----- TASK INPUTS -----

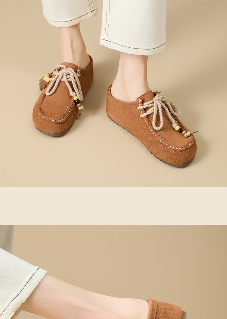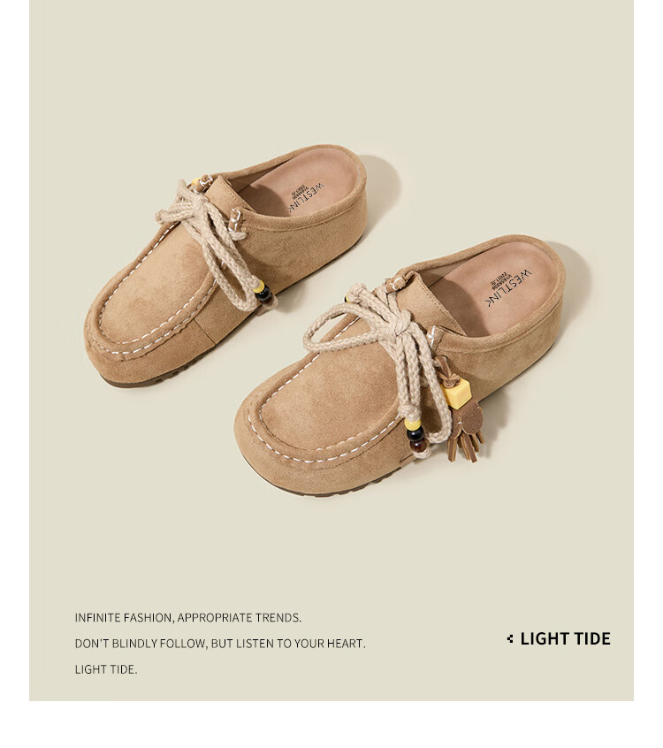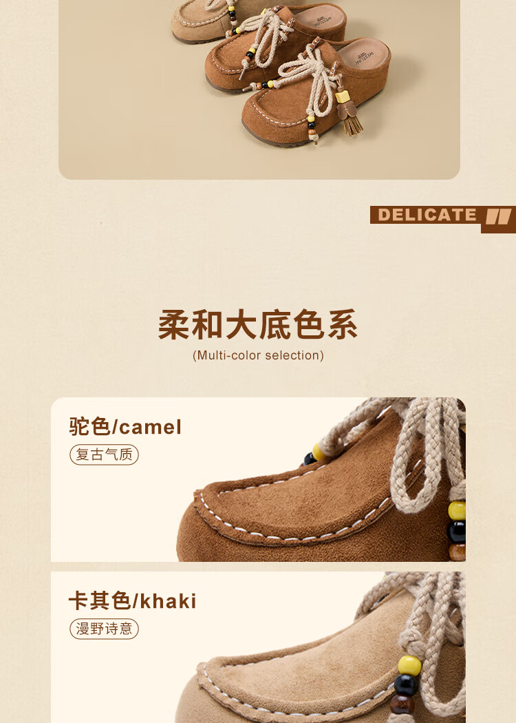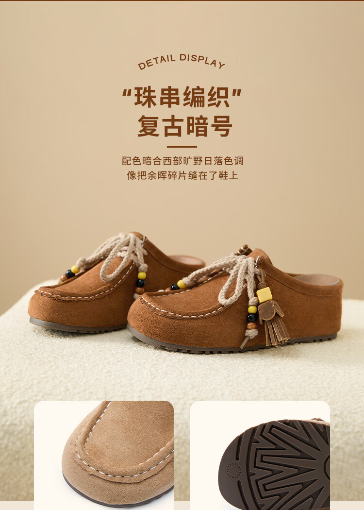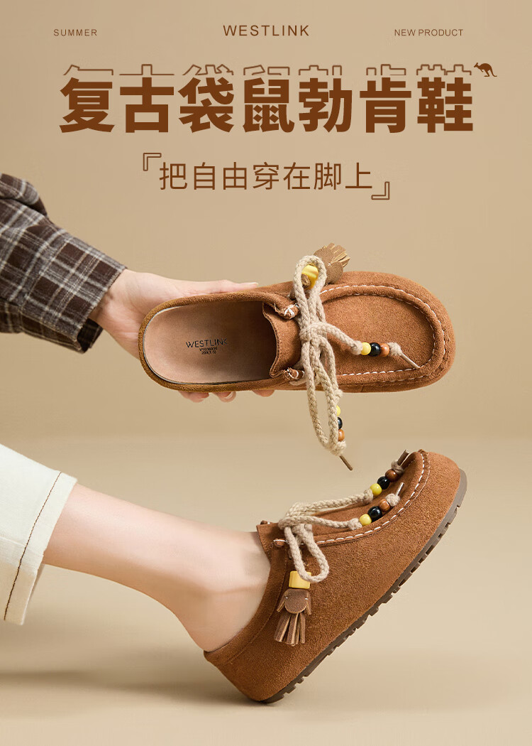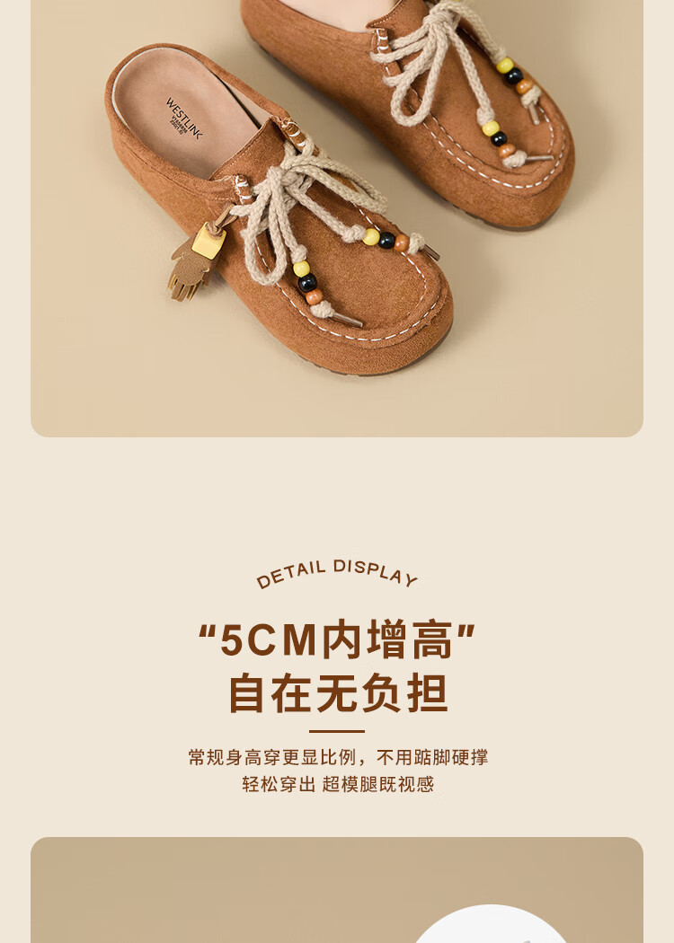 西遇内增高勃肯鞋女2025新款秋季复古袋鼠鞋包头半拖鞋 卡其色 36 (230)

-----
----- TASK INPUTS -----

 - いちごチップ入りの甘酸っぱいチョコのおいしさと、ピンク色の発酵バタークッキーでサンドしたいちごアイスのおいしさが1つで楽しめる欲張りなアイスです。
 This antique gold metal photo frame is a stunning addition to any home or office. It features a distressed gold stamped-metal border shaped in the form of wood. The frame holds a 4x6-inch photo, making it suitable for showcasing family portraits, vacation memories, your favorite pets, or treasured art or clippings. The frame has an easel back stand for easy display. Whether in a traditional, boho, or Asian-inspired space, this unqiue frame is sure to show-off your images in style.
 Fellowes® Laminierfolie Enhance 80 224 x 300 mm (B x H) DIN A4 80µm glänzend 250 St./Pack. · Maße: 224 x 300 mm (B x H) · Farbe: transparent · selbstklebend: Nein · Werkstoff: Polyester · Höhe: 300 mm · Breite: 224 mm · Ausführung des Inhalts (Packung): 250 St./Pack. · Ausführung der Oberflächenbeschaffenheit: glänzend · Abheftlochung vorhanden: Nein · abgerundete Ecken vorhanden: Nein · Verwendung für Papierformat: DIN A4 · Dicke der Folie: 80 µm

-----

- [PROBLEM DESCRIPTION] Everything from the line with "- いちごチップ入りの甘酸っ" through the line with "This antique gold" in the listing above must be retyped exactly, with nothing added.

- [RESULT]
 - いちごチップ入りの甘酸っぱいチョコのおいしさと、ピンク色の発酵バタークッキーでサンドしたいちごアイスのおいしさが1つで楽しめる欲張りなアイスです。
 This antique gold metal photo frame is a stunning addition to any home or office. It features a distressed gold stamped-metal border shaped in the form of wood. The frame holds a 4x6-inch photo, making it suitable for showcasing family portraits, vacation memories, your favorite pets, or treasured art or clippings. The frame has an easel back stand for easy display. Whether in a traditional, boho, or Asian-inspired space, this unqiue frame is sure to show-off your images in style.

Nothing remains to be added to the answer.